Вместе с платком захватила я и наши билеты. Они выскочили из рук и упали на брусчатку. Паша поднял, повертел в руках и вдруг крикнул:
– Нашел! Здесь же написано, что билет «дает право входа» во все кремлевские соборы!
– Вот это да! – обрадовалась я. – Не забудьте перед входом перекреститься.
Накладывали на себя крестное знамение мои дети истово, так, как подобает, и с удовольствием. А меня вдруг посетила печальная мысль, надолго ли сохранится в них эта усердность, настоящесть, ревность в их атеистической семье? Господи, спаси и сохрани.
Сначала мы зашли в Архангельский собор, приложились к мощам святого отрока царевича Димитрия Угличского, последнего из рода Рюриковичей. О невинно убиенном младшем сыне Ивана Грозного мои дети тоже знали и были в восторге от того, что «попали в настоящую историю».
– Его хоть и убил Иван Грозный, но ведь он жив у Бога! – не по-детски богословствовал Паша. – Ведь жив?
– Конечно, жив! – без сомнения подтвердила Тата. – Вот дотронься до его гроба и считай, что до Неба дотронулся, где он теперь живет. Да, теть?
Я не верила своим ушам: откуда у них это духовное знание?

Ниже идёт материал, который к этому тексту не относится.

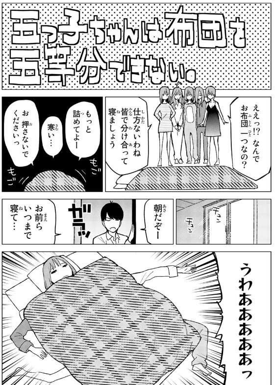 五つ子たちの為の布団が何故か、一つしか用意できていません。無理やり五人で寝た結果、風太郎が起こしに来た頃には、正体不明の生き物が…。

– Про Небо думаете правильно, – серьезно ответила я. – Только царевича Димитрия убил не Иван Грозный, некоторые считают, что произошло это по наказу Бориса Годунова.
– Да… Тяжела ты шапка Мономаха, – сочувственно вздохнул Паша.
Великую благодать получили мои крестники сегодня, и душа стала способной Божии глаголы слышать. И опять промелькнула испуганная мысль: надолго ли? Господи, спаси и сохрани от всякого зла!
Когда мы вышли из Архангельского собора, Паша через площадь побежал к Благовещенскому. За ним, прихрамывая, но стараясь не отстать, Тата, я заковыляла на своих уставших ногах. Тата догнала Пашу и стала показывать на купола:
– Подожди, надо посчитать… Какой красивый храмчик, как терем!
Мы остановились и дети стали считать, но не смогли: снизу не все купола были видны. Я умилялась и радовалась, что мои племянники чувствовали себя здесь, в сердце русской святыни – в Кремле среди церквей, словно в родной стихии… Восемьсот лет назад Москва зародилась на месте Кремля и выросла вокруг него, как выросла вокруг Москвы Россия.
И вот, наконец, мы вошли внутрь невеликого пространства Благовещенского собора. Я думала, что детям здесь не понравится, потому что он казался без освещения мрачноватым, что не оценят они древней русской старины. Но, наблюдая за ними, видела, что они с интересом рассматривали и иконостас, и росписи, покрывавшие все стены, поразил их каменный пол затейливого рисунка, будто составленный из кусочков полудрагоценной яшмы… В росписях храма нашли мы «портреты» московских князей, царей и византийских императоров, а в настенной росписи на паперти – изображения древнегреческих языческих мудрецов, живших до Рождества Христова: Аристотеля, Плутарха, Платона, Сократа со свитками в руках, на которых были написаны философские изречения, близкие к истинам христианского учения.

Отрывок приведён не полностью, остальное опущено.